Temui Pimpinan DPR, Koalisi Buruh Serahkan Draf RUU Ketenagakerjaan
Jakarta, tvOnenews.com - Koalisi Besar Perjuangan Buruh Indonesia menyerahkan draf usulan Rancangan Undang-Undang (RUU) Ketenagakerjaan kepada pimpinan Dpr ri sebagai bentuk partisipasi publik dalam penyusunan regulasi yang dinilai lebih berpihak pada perlindungan pekerja.
Draf tersebut memuat sejumlah usulan perubahan mendasar, di antaranya penguatan kepastian kerja, pengaturan sistem alih daya (outsourcing), perlindungan bagi pekerja digital, hingga peningkatan jaminan kesejahteraan pekerja.
Usulan itu disusun oleh koalisi yang terdiri atas 18 konfederasi dan 157 federasi serikat pekerja tingkat nasional.
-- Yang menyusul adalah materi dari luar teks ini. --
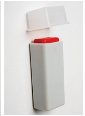
YELLOW FOR MICROPREEMIES TO FULL-TERM BABIES
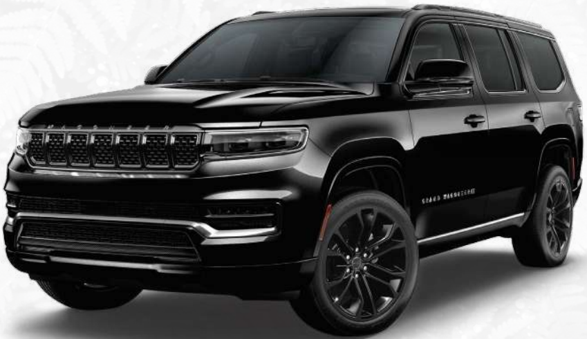
Grand Wagoneer Obsidian in Diamond Black Crystal Pearl
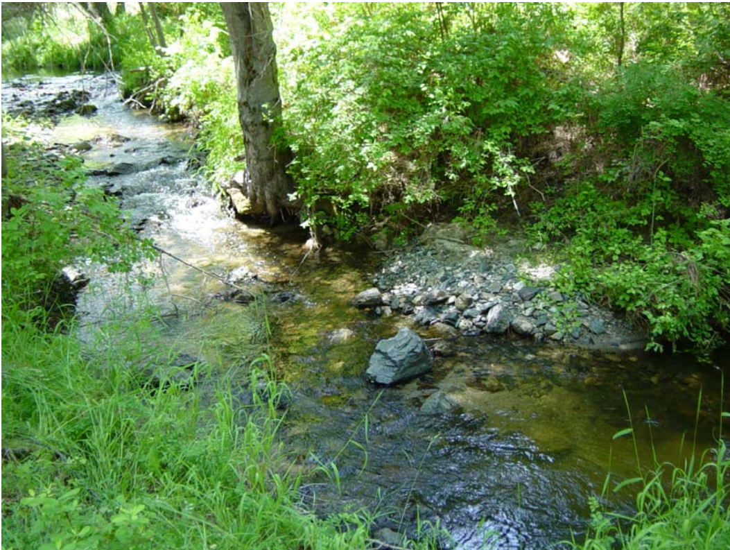
Figure B-10 – Overview of lower portion of Miners Creek.

Wakil Ketua DPR RI Cucun Ahmad Syamsurijal mengatakan DPR akan terus membuka ruang bagi seluruh organisasi buruh dan serikat pekerja untuk menyampaikan aspirasi selama proses penyusunan RUU Ketenagakerjaan berlangsung.
"Kita menerima dari 18 konfederasi, para presiden konfederasi buruh pekerja yang ada. Walaupun nanti masih ada yang belum bertemu dengan seluruh tim panja penyusun Rancangan Undang-Undang Ketenagakerjaan, kita akan terus menerima, mengakses, dan mengakomodir masukan-masukan dalam rangka penyusunan draf naskah akademik untuk Undang-Undang Ketenagakerjaan ini," kata Cucun.
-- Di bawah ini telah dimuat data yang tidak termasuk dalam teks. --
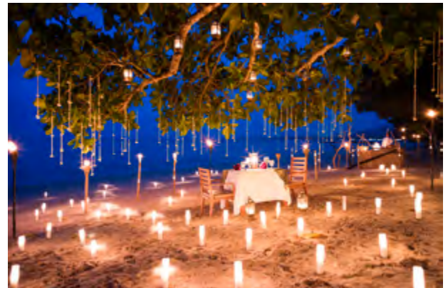
a secluded beach, private sand isle, a candlelit jungle waterfall...your choice

Sementara itu, perwakilan Koalisi Besar Perjuangan Buruh Indonesia menyatakan pihaknya telah menyiapkan draf usulan untuk dibahas bersama DPR.
"Kami menyiapkan draf ketenagakerjaan selama satu minggu penuh untuk bisa berdiskusi dengan DPR. Kami juga mengingatkan kepada DPR karena situasi ini sangat rawan," ujar Andi Gani Nena Wea.
DPR menyatakan seluruh masukan dari berbagai elemen pekerja akan menjadi bahan pertimbangan dalam penyusunan naskah akademik dan pembahasan RUU Ketenagakerjaan selanjutnya.